The suction plate 118 is fixed to the slide base Sb, and the slide base Sb is retractable along the guides 117L, 117R. Thereby, the adsorption plate 118 can move forward and backward more than the rear pressure plate 115.

The injection molding machine 110 further includes a linear motor 120 as a mold opening and closing drive unit that moves the movable platen 113 forward and backward. The linear motor 120 is disposed, for example, between the suction plate 118 that advances and retracts together with the movable platen 113 and the frame 111. In addition, the linear motor 120 may also be disposed between the movable platen 113 and the frame 111.

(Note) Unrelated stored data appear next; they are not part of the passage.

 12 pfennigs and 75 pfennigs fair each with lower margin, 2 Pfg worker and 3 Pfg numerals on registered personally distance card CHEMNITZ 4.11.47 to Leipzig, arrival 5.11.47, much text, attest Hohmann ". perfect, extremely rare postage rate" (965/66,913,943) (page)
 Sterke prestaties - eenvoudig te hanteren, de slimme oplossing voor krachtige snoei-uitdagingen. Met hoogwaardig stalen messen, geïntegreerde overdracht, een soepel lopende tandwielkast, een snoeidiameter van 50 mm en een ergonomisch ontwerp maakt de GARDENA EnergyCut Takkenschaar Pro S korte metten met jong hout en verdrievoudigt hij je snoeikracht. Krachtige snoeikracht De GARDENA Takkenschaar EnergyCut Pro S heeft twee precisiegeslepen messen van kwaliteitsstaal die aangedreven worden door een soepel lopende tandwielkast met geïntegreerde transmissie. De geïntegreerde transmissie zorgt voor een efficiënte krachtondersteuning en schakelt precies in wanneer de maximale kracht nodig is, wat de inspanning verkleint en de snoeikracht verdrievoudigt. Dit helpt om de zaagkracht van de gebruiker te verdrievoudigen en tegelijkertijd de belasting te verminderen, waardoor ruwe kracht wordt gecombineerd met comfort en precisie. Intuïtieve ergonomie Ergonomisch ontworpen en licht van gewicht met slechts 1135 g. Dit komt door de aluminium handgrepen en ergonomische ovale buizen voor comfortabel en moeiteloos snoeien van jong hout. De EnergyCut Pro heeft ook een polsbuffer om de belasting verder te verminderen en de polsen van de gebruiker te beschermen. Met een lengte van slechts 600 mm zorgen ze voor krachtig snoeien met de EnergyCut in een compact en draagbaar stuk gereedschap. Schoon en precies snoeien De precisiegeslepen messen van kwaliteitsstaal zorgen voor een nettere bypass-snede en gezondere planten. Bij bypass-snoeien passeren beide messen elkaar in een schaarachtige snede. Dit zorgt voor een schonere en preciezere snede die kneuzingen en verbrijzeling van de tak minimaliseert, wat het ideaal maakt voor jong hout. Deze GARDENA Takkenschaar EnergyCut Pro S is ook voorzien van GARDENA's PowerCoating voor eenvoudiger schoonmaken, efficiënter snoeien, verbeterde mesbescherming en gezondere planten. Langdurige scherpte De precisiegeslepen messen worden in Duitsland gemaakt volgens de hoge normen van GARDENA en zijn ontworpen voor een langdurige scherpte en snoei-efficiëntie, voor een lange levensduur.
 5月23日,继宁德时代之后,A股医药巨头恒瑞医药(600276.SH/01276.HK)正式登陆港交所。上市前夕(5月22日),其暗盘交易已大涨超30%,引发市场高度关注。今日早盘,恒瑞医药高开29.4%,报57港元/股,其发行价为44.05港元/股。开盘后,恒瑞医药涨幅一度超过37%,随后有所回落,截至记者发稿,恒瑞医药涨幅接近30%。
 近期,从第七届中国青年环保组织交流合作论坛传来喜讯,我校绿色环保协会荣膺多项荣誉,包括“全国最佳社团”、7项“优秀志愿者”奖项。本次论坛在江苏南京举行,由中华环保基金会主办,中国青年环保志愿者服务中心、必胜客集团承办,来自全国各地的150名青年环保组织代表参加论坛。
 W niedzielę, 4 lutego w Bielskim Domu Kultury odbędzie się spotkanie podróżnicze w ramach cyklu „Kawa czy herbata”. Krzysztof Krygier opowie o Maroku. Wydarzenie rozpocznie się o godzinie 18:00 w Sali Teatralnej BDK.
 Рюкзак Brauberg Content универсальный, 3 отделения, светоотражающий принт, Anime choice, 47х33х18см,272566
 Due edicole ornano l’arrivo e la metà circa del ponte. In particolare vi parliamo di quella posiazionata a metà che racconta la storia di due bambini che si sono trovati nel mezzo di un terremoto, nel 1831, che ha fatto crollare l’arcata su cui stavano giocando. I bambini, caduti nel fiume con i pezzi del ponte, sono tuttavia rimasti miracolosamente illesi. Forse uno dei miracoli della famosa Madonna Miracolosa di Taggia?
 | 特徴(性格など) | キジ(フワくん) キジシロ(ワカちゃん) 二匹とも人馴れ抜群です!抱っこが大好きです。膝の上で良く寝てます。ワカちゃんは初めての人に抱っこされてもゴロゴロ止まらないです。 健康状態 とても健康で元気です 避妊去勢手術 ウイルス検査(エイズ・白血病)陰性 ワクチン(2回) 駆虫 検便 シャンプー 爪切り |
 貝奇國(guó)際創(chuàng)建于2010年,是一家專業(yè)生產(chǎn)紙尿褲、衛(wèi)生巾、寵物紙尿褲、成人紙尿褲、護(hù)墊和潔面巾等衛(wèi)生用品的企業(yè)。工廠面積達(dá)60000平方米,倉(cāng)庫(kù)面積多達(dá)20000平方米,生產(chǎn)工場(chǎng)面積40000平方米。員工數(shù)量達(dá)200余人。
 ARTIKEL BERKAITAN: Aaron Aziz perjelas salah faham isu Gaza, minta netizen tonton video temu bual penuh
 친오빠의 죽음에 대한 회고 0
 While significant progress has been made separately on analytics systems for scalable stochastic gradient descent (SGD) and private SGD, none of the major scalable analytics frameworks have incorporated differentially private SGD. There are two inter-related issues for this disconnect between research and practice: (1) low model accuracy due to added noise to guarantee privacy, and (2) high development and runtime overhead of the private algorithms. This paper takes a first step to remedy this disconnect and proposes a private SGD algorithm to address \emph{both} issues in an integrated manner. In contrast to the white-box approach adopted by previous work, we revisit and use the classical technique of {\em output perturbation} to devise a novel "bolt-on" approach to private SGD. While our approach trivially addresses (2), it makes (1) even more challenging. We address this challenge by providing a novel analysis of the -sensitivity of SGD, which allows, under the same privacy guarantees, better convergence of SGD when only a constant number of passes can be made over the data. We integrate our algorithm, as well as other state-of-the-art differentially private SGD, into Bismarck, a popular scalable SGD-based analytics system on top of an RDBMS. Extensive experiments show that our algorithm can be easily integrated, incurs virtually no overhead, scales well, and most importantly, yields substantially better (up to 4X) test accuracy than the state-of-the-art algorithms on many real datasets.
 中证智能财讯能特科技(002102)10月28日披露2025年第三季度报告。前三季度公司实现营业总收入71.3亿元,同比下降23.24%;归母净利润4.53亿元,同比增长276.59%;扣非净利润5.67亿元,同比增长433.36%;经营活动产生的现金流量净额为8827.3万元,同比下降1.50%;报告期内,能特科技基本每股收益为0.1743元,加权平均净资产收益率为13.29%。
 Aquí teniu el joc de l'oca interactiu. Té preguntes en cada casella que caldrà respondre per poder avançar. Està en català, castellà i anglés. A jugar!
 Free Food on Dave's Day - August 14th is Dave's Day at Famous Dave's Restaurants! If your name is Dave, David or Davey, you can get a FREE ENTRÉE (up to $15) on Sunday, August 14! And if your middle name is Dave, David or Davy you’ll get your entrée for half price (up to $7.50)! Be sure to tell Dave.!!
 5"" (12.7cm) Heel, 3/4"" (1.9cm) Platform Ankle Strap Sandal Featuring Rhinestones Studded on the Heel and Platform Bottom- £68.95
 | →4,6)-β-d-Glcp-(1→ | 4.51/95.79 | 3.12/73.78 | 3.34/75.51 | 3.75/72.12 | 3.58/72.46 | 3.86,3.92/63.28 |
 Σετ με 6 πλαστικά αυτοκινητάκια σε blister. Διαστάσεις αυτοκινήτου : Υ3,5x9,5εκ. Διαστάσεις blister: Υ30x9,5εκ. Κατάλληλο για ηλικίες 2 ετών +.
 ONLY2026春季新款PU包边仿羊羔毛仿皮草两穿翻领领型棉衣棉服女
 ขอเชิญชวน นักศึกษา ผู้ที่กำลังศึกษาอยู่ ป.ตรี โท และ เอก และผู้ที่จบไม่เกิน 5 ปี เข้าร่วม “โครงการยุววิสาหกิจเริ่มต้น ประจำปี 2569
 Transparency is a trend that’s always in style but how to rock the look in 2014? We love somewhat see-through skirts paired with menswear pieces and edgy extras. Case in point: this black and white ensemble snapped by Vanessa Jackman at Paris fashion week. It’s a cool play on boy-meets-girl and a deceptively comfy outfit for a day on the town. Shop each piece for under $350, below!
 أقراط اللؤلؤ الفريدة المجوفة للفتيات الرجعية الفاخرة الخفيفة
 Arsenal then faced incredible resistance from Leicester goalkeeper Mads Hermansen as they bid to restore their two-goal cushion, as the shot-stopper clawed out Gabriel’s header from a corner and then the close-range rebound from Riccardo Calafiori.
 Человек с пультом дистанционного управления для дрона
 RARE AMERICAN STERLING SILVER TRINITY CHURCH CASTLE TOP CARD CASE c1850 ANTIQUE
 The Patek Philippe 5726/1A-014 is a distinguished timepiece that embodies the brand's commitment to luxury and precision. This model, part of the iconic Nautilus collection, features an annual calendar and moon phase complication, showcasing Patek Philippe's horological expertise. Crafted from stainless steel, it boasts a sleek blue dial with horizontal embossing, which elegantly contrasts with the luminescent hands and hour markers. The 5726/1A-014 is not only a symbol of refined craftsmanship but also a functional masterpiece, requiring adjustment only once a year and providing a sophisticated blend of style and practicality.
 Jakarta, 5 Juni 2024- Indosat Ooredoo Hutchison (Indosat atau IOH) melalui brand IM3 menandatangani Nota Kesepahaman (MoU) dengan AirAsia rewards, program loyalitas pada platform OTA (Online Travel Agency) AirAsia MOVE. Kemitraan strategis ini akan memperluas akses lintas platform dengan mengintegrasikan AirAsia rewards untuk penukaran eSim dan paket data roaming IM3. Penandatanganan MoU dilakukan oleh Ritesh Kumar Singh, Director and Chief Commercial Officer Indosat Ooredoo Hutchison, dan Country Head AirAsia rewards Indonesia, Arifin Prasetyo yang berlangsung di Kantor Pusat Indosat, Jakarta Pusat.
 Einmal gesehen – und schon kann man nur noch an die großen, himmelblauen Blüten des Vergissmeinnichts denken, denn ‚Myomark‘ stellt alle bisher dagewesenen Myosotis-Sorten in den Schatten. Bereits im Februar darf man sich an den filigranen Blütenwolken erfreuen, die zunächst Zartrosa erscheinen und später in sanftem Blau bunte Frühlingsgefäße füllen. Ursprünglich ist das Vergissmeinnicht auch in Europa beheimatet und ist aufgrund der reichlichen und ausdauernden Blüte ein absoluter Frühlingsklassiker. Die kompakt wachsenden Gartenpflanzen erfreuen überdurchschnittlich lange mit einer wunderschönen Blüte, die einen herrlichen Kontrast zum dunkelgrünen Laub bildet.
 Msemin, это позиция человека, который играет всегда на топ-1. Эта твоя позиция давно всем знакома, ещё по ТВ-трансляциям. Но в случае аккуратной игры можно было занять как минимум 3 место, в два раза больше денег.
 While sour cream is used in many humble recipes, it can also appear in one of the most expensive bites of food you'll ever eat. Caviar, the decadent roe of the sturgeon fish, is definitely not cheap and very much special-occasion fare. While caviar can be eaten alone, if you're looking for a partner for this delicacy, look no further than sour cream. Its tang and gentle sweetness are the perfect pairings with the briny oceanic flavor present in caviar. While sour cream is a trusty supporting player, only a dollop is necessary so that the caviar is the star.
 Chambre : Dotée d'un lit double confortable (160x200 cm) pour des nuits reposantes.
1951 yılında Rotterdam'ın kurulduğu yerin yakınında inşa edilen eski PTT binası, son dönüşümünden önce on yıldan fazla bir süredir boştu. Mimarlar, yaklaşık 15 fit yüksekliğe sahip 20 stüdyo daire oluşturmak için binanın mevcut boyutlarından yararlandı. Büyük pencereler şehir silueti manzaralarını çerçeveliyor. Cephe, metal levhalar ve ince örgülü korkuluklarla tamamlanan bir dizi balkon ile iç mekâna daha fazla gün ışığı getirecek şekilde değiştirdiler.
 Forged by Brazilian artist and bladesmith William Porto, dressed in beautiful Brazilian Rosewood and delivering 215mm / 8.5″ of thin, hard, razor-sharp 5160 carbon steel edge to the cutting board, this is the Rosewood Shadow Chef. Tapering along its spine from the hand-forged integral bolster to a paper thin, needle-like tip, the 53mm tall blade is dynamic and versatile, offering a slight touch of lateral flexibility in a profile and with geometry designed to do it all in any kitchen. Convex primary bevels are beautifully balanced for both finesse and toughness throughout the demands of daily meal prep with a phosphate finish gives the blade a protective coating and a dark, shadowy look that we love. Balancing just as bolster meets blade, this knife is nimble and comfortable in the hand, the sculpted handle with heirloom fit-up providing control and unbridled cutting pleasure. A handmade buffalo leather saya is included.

The linear motor 120 includes a fixing member 121 and a movable member 122. The fixing member 121 is formed on the frame 111, and the movable member 122 is formed at the lower end of the sliding base Sb. When a predetermined current is supplied to the coil 123 of the movable member 122, the movable member 122 can advance and retreat by the interaction of the magnetic field formed by the current flowing through the coil 123 and the magnetic field formed by the permanent magnet of the fixing member 121. Accordingly, the adsorption plate 118 and the movable platen 113 advance and retreat to perform mold closing and mold opening.

Further, in the present embodiment, the permanent magnet is disposed on the fixing member 121, and the coil 123 is disposed on the movable member 122, but may be The coil is disposed on the fixing member, and the permanent magnet is disposed on the movable member. At this time, since the coil does not move with the driving of the linear motor 120, the wiring for supplying electric power to the coil can be easily performed.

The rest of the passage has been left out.